Select Cases
- Division of pharmaceutical firm experienced limited prospects for growth, declining profits and a turnover in leadership. Engagement around strategy resulted in repositioned into alternate drug delivery systems, exiting other business lines and reallocating both scientific and channel management resources to new thrust. Sales grew 30% with steady margin improvements over two-year period
- Directors of 30,000 member professional association confronted dilemma of all--consuming commitments to traditional member service portfolio as host industry underwent sea-state change driven by new technology and accompanying regulatory shifts. Helped board and executive director craft transition strategy involving augmented directorate, vendor-supported pilot projects and phased exit of legacy activities.

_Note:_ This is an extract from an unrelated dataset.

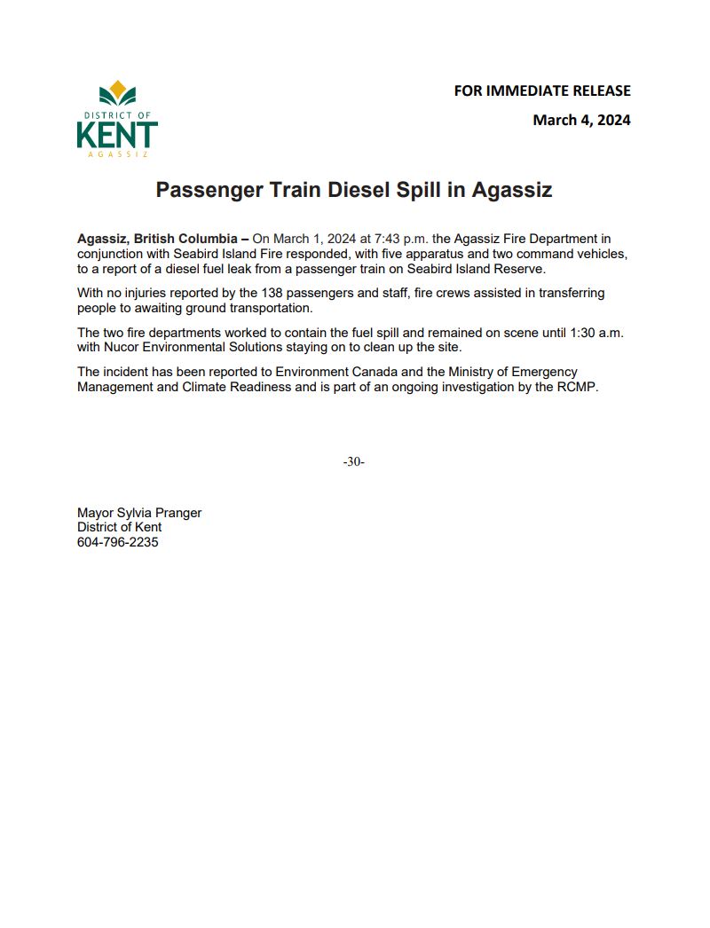 Passenger Train Diesel Spill in Agassiz

- Assisted specialty software firm in repositioned company from "shrink wrapped" products distributed via mass channels to Software as a Service model aimed at more lucrative segments. Success of strategy resulted in capital infusion five times sales within year.
- Mexico City-based telephony start-up unable to implement a consistent, competitively priced offering due to cultural "grid-lock" among stakeholders. Developed cross-cultural intervention and revised business plan for incubation period. Company became operational in 10 months, sold 28,000 lines at target margins within 2 years.
- Non-profit agency for multiply disabled encountered significant evaporation of funding streams following major commitments for expansion. Orderly dissolution plan developed for board and overseen during execution over subsequent months resulting in successful asset sale and transfer of responsibilities without interruption of services.
- Manufacturer of high performance coatings achieved double-digit growth in select lines, creating significant internal tension, competition for resources and ongoing debate over the future direction of the firm. Engaged to work with leadership team on comprehensive strategy within boundary conditions established by ownership, coalescing around revised organization design around three profitable SBUs.
- Family-owned producer of building materials experienced severe pricing pressure from increasingly powerful distributors. Though profitable due to aggressive cost management, company was unable to grow. Engaged to work with leadership team to craft strategy to migrate offering up the value-added pyramid and directly to end-user segments.
- Top-50 bank holding company aspired to grow at a multiple of GNP but lacked necessary "bench" to execute. Designed and conducted leader development program using business building, "stretch assignments" for next-gen leaders. Revenues and margins for these initiatives rivaled that of core lines within 36 months, one "assignment" accounted for 40% of new business by year 3.